(Saved entries):
+++++
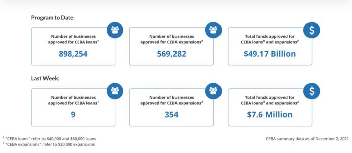 지난해 898,254 기업이 CEBA 대출에 승인되었으며, 총 491억 7000만 달러의 연방 지원금이 제공되었다.
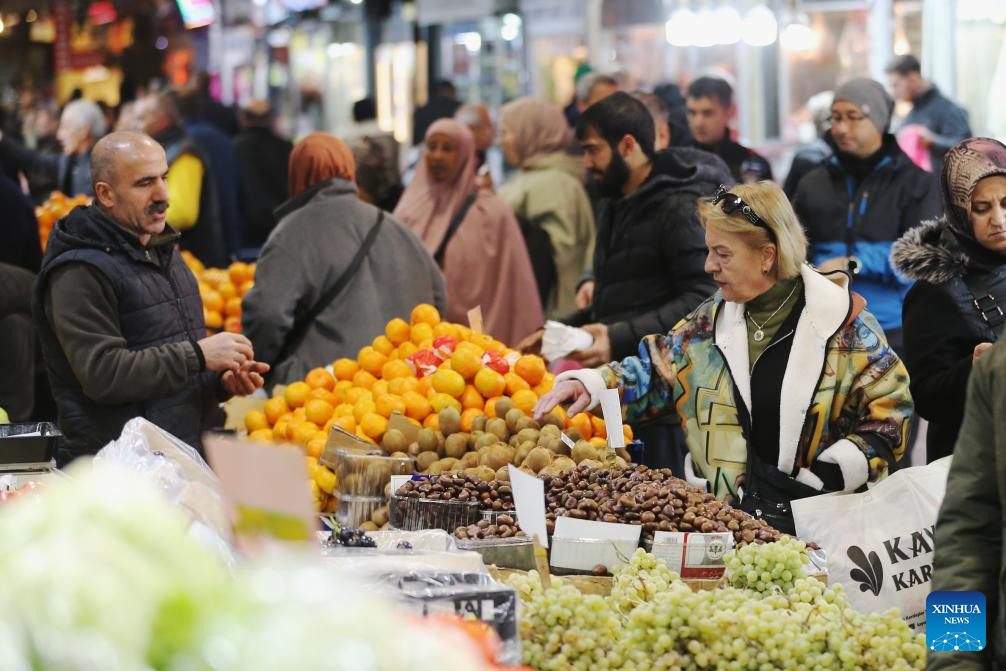 People shop at a local market in Ankara, Türkiye, on Jan. 22, 2026. Türkiye's central bank cut its benchmark interest rate by 100 basis points to 37 percent on Thursday, continuing a gradual cycle of easing as inflation shows signs of cooling. The move marks the fifth reduction since last summer, signaling a cautious shift away from the tight monetary policy previously used to curb soaring prices. (Mustafa Kaya/Handout via Xinhua)
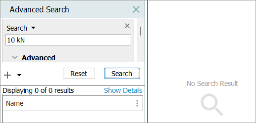 Searching for the value '10 kN' with the standard Search criterion returns 0 results.
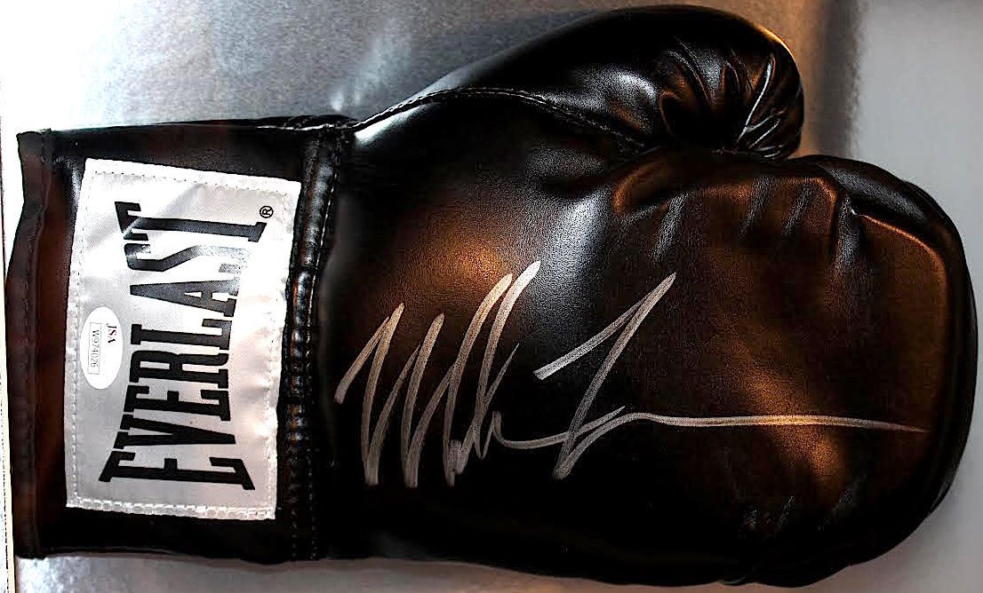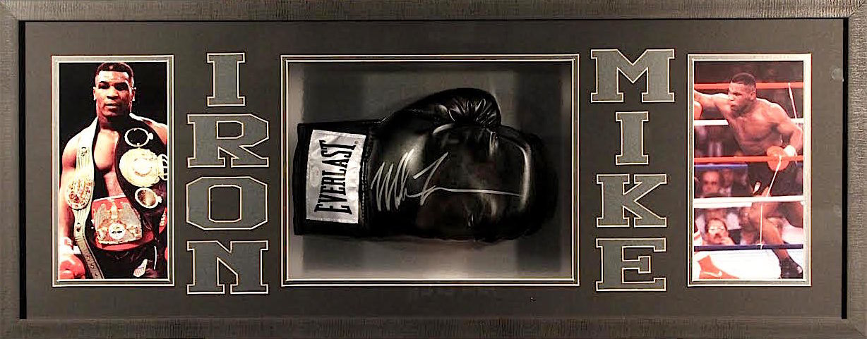 Shadowbox display measures approximately 39" x 15" x 4" in size and features a glove which has been hand-signed in silver paint pen by Mike Tyson.
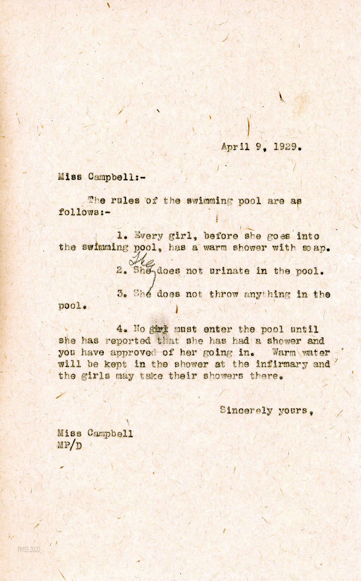 [018] April 9, 1929. To Campbell from MP, stating the rules of the swimming pool, including that every girl has a warm shower with soap in the Infirmary before entering the pool.
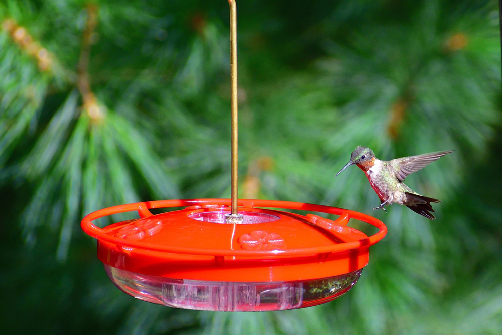 В отличие от многих животных и насекомых, колибри любят красный цвет. Поэтому в сладкую воду, приготовленную для птичек, часто добавляют безвредный краситель. Другой вариант — приобрести кормушку с уже имеющимися в дизайне деталями красного цвета.
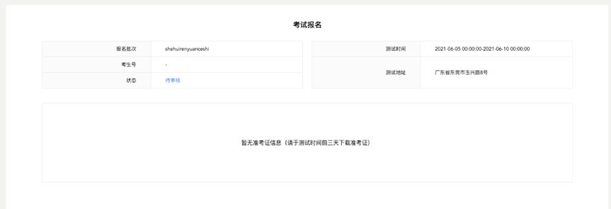6.考生缴费后,待老师编排考试信息,老师编排完考生考试信息后,考生可以看到自己的考试信息以及准考证信息。
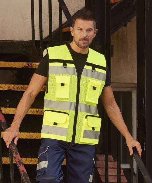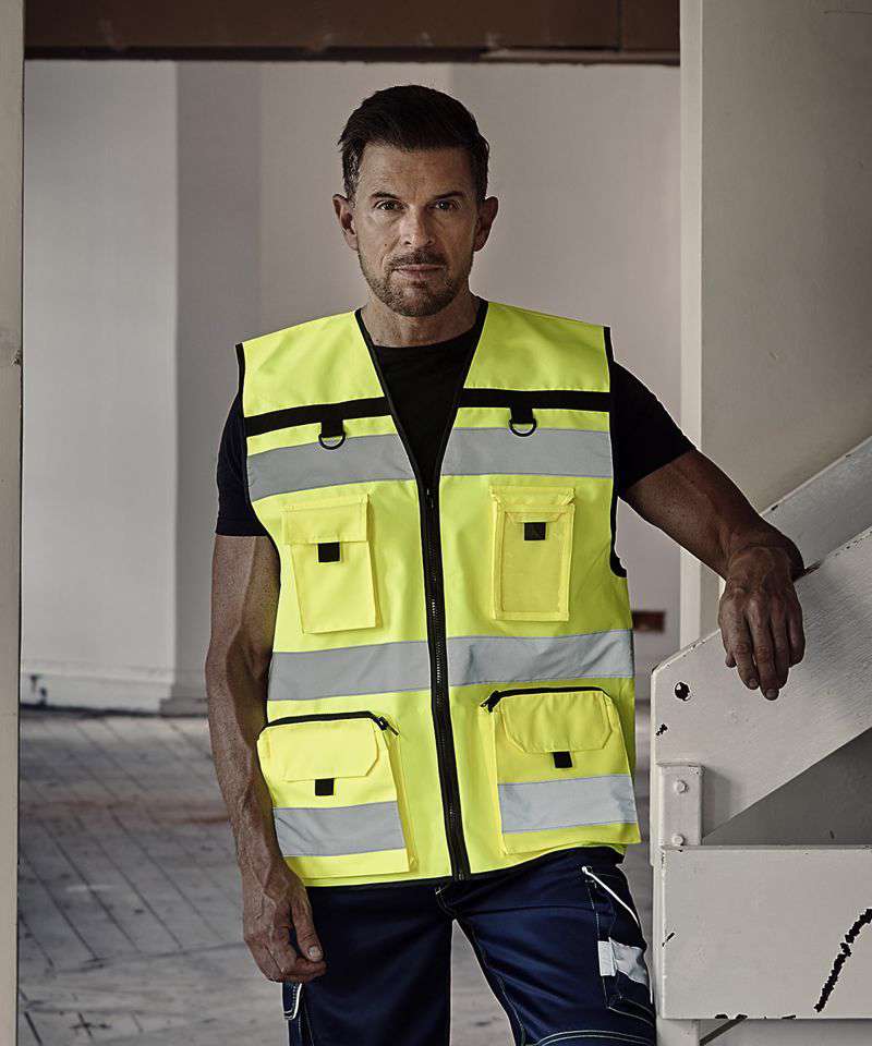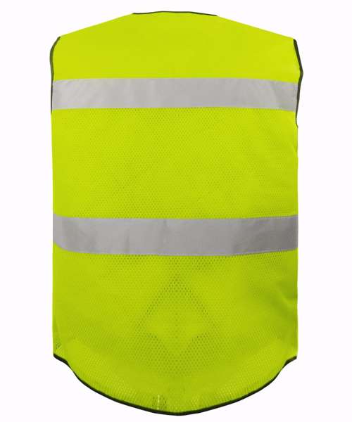 Heavy-duty, hi-vis ripstop tool vest with multiple pockets for convenience at work. Two double pockets accessed from the top with zip and hook and loop closure. Double D rings. Chest pockets with flap closure and pulls. ID card display. Adjustable hem with two press buttons. Also available with open mesh on the bottom to provide better breathability and comfort in hot working environments and seasons. Conforms to EN ISO20471:2013 Class 2. Large decoration area on the back. Certified Sedex and OEKO-TEX®.
+++++
(What is required): Repeat verbatim the range of lines that opens at the line containing "Searching for the" and closes at the last line of the entries, excluding all pictures.

(Exercise response):
 Searching for the value '10 kN' with the standard Search criterion returns 0 results.
 Shadowbox display measures approximately 39" x 15" x 4" in size and features a glove which has been hand-signed in silver paint pen by Mike Tyson.
 [018] April 9, 1929. To Campbell from MP, stating the rules of the swimming pool, including that every girl has a warm shower with soap in the Infirmary before entering the pool.
 В отличие от многих животных и насекомых, колибри любят красный цвет. Поэтому в сладкую воду, приготовленную для птичек, часто добавляют безвредный краситель. Другой вариант — приобрести кормушку с уже имеющимися в дизайне деталями красного цвета.
6.考生缴费后,待老师编排考试信息,老师编排完考生考试信息后,考生可以看到自己的考试信息以及准考证信息。
 Heavy-duty, hi-vis ripstop tool vest with multiple pockets for convenience at work. Two double pockets accessed from the top with zip and hook and loop closure. Double D rings. Chest pockets with flap closure and pulls. ID card display. Adjustable hem with two press buttons. Also available with open mesh on the bottom to provide better breathability and comfort in hot working environments and seasons. Conforms to EN ISO20471:2013 Class 2. Large decoration area on the back. Certified Sedex and OEKO-TEX®.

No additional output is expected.